Far different in style and presentation, “Objects of Curiosity” has a muted, longing feeling to it that only resolves in the final tableau. There is a voyeuristic thread running through the vignettes. As a trio passes the stage to a duo there is a moment of tension, of watching and waiting that adds to the sense that desire is struggling to free itself from the social rules that keep it at bay.
In one especially poignant section, Erin Yarbrough-Stewart and Aaron Thayer cross the front of the stage, heading towards a bright light shining from the wings. Yarbrough-Stewart is transfixed, her head following the light as though held by magnetic force. Thayer tries to pull her away, slowly promenading her back towards him, but even as she rotates from arabesque to à la seconde to développé en avant, her eyes continually track back to the light, her head following. Her curiosity about what, or who, is offstage overpowers her ability to focus on the man right there in front of her.
While Seiwert obviously bases her work in the classical technique, it is decidedly unique and nontraditional. Hurlburt commented that she has created her own vocabulary, and there are dancers who seem perfectly suited for her challenging, off-balance style. Vanessa Thiessen’s intensity and pure strength gives an animal beauty to the movement. Kevin Yee-Chan has the fearlessness of youth and the physical capacity to take on anything, no matter how impossible it appears.
Closing the program was the West Coast premiere of Kirk Peterson’s “Reinin’ in the Hurricane,” which holds a special significance for Hurlburt, who was dancing with the Hartford Ballet when the piece was created there in 1994. As the program notes stated, “Reinin’ in the Hurricane” was a ballet that Smuin loved. In some ways “Hurricane” is Smuin-esque, bringing the audience into a specific place and mood.
Set to music by Gene Autry, David Byrne, Cole Porter, Randy Travis and K.D. Lang, it is pure Americana complete with cowboy hats and fringe. The dancing is boot-stomping, hand-clapping fun, fast and furious with a streak of humor. Koichi Kubo’s opening solo to “Don’t Fence Me In” was buoyant, joyful and set the stage for the hoedown. Cornwell and Olivia Ramsay were adorable in the “Wallflower Waltz,” flirting and teasing their way through girlish steps and finally giving up after being snubbed by every passing man.
While this does not reflect on the actual dancing or performance of this talented group, it must be noted that the costumes for “Hurricane” are unflattering at best. The women’s brightly colored shiny unitards were reminiscent of the turquoise Wranglers worn by the junior high-aged members of the Future Farmers of America in 1994, and together with the cowboy shirts tied at the waist, managed to disfigure the lithe, slender bodies of these gorgeous women. The men were slightly better off in jeans-shaped tights, t-shirts and hats.
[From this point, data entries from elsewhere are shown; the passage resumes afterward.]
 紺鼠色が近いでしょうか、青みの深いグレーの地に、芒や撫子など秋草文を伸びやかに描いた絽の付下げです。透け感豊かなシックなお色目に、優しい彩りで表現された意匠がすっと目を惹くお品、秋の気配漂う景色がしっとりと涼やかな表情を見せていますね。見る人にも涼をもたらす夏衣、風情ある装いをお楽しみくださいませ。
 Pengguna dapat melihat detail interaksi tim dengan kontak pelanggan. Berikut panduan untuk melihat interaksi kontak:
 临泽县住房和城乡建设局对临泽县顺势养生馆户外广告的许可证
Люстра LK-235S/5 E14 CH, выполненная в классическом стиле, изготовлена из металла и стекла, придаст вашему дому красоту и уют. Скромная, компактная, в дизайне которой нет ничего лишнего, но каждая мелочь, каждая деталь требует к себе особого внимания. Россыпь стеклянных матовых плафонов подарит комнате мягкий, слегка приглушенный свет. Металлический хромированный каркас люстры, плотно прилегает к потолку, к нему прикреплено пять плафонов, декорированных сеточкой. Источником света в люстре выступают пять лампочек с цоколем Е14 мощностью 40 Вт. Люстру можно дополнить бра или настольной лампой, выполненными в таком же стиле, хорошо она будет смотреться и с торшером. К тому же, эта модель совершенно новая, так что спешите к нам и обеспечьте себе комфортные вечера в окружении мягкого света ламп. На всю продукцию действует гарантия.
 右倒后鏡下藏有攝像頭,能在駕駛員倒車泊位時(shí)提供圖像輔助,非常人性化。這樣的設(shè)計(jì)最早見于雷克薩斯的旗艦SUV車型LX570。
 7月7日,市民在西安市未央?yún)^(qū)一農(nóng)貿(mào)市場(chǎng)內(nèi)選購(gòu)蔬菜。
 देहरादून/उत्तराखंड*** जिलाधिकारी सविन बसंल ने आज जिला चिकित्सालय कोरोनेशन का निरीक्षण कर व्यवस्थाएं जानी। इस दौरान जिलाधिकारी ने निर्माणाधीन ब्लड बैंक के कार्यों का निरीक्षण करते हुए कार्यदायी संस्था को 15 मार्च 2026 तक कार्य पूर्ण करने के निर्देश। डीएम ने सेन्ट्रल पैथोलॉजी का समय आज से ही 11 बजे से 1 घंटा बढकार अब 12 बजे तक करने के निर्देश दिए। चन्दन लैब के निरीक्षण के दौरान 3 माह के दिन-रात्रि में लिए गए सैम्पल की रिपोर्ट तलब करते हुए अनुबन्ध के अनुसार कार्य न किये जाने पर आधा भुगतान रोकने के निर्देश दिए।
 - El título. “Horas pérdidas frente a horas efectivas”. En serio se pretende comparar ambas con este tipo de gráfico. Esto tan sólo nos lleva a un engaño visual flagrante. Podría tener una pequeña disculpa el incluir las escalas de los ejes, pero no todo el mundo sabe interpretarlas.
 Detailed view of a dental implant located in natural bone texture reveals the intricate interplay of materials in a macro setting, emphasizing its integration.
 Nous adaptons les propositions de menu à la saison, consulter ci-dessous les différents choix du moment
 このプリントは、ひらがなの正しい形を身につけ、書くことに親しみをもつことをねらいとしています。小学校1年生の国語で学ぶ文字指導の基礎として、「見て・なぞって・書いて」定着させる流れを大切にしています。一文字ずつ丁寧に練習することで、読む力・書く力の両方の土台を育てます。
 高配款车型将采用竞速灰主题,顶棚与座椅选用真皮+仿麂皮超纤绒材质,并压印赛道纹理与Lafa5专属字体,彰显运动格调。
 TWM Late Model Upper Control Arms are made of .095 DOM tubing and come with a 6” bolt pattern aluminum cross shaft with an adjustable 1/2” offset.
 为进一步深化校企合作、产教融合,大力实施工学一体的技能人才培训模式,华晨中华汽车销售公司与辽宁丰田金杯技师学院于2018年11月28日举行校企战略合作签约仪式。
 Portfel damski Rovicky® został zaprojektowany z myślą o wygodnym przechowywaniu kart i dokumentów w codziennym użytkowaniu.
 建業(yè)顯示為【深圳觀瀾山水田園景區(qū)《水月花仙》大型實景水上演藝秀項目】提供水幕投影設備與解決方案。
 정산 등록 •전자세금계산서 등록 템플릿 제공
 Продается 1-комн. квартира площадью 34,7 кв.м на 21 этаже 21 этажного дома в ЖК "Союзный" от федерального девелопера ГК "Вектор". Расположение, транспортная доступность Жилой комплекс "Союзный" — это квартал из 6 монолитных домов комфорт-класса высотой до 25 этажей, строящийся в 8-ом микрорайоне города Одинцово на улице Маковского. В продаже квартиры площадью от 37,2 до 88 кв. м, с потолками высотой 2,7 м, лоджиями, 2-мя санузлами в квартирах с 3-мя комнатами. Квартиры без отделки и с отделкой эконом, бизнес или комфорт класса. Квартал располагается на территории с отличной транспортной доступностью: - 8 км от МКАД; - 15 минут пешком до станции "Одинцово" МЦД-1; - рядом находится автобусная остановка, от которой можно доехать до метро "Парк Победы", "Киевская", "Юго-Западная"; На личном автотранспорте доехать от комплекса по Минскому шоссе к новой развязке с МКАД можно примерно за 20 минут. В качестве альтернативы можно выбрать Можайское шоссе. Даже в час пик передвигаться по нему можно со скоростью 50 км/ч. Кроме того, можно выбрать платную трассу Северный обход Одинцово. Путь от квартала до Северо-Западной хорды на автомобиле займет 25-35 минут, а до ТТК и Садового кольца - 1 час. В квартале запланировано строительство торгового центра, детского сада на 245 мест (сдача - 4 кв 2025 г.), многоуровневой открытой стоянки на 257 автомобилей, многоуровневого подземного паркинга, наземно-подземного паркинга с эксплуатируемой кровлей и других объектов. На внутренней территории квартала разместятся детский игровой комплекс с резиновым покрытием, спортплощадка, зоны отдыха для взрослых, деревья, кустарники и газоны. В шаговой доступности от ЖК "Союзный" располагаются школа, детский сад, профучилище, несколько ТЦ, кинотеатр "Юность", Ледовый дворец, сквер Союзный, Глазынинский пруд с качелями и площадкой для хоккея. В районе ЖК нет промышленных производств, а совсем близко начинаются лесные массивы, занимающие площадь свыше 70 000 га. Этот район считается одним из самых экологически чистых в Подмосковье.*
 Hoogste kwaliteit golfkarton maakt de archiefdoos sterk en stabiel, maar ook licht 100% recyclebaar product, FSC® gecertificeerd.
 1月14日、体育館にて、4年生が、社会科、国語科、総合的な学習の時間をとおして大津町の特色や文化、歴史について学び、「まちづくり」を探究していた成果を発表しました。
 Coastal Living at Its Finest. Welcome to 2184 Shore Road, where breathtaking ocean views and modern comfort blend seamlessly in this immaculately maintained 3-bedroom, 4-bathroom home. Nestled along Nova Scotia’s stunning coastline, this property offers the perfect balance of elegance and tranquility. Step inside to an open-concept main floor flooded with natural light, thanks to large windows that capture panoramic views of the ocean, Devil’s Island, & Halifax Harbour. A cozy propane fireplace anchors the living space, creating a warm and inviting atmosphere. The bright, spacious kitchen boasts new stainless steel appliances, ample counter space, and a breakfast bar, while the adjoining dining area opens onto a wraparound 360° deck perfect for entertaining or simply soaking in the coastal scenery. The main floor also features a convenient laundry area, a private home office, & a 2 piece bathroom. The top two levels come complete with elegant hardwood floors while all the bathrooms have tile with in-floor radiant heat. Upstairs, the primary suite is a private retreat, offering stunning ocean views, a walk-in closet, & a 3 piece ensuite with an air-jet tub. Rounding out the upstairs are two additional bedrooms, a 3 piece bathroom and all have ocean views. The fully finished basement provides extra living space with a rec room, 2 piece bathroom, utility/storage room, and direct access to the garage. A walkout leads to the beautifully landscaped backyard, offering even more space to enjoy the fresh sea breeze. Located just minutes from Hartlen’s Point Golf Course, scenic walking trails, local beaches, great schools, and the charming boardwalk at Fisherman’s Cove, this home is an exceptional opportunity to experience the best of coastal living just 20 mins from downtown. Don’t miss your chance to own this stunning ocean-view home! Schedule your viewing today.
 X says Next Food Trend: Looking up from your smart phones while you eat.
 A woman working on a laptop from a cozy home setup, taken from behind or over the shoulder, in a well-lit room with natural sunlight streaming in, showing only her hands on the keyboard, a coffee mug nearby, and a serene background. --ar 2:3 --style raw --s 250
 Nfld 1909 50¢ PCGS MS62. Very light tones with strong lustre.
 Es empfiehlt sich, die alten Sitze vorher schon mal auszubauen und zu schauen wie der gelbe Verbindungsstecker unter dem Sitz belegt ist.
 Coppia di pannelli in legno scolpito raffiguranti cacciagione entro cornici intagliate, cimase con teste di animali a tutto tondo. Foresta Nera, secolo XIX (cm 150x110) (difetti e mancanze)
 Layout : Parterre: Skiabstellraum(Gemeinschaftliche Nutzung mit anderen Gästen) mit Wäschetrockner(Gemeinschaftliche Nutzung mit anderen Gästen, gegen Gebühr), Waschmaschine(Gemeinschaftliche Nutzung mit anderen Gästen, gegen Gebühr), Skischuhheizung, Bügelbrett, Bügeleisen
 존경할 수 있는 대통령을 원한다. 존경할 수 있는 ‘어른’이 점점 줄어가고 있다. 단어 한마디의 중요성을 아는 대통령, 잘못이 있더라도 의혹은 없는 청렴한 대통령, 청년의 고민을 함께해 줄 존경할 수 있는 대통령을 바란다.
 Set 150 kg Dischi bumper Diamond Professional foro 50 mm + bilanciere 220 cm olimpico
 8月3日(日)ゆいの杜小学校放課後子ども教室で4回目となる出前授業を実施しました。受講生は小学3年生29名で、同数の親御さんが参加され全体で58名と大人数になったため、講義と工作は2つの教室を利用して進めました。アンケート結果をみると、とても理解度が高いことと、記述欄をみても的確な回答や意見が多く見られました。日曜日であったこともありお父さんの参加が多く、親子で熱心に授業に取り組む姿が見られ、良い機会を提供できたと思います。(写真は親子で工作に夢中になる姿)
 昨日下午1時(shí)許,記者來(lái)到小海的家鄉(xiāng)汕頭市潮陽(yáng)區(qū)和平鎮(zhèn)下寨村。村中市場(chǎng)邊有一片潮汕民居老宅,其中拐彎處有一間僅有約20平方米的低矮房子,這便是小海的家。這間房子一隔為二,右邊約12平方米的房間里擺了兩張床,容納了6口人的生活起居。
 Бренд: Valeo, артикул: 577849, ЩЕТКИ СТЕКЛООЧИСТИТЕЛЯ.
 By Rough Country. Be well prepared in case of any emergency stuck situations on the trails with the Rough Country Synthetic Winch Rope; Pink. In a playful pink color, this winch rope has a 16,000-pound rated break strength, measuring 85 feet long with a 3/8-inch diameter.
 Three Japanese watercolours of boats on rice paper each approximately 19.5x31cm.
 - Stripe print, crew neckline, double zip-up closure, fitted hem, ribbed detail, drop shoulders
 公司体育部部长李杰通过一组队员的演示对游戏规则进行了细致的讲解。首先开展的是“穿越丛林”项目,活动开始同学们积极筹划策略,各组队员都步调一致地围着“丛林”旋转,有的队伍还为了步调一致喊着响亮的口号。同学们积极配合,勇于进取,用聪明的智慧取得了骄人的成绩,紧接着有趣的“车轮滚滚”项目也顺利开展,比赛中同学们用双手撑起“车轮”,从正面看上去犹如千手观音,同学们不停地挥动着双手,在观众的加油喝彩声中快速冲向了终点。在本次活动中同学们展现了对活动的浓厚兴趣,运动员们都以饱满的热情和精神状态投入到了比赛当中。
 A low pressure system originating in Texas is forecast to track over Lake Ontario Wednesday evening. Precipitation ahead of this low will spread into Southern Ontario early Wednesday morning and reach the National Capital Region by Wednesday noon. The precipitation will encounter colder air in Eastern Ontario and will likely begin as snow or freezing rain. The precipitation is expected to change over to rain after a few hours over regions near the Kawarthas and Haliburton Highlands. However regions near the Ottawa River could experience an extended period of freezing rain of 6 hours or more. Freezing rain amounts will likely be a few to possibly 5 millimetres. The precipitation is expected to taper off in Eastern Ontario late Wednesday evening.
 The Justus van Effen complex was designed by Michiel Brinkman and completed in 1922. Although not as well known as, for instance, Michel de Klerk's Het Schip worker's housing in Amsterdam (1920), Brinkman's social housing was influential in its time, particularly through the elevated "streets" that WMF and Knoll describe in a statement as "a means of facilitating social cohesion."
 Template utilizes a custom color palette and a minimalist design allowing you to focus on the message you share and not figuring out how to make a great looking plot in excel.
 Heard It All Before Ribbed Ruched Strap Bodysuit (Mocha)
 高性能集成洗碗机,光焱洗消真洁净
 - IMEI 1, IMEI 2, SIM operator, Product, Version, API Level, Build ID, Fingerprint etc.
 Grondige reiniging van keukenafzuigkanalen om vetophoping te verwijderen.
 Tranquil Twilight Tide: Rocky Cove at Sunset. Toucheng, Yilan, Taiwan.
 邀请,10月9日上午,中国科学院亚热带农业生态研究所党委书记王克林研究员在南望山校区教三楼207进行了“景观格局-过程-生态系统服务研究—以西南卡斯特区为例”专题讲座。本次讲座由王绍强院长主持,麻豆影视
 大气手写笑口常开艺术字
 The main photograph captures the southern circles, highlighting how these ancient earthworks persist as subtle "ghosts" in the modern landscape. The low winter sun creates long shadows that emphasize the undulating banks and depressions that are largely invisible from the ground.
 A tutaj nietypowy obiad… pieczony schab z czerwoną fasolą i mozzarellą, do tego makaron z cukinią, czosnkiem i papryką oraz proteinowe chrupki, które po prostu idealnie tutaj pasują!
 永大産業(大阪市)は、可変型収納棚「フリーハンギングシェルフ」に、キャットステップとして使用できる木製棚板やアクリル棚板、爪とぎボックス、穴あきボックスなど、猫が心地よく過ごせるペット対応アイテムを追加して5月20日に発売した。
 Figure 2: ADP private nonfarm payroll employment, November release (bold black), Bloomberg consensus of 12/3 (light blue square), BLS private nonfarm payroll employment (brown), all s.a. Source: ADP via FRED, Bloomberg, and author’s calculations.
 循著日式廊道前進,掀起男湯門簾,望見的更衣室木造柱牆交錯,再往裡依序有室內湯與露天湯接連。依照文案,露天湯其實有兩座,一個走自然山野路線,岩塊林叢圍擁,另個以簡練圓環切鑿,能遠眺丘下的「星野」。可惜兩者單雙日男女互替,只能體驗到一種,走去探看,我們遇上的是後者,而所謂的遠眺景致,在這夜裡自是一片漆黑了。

This is a marvelously diverse and entertaining program, worthy of Smuin’s legacy. Performances of the Fall Program continue in Carmel, Mountain View and Walnut Creek. And returning to all locations this winter is the ever-popular “Christmas Ballet.” “Michael created something to rival ‘Nutcracker’ – and thank goodness!” Hurlburt half-joked before the show. Certainly Smuin’s “Christmas Ballet” is a treat for the audience and the dancers alike.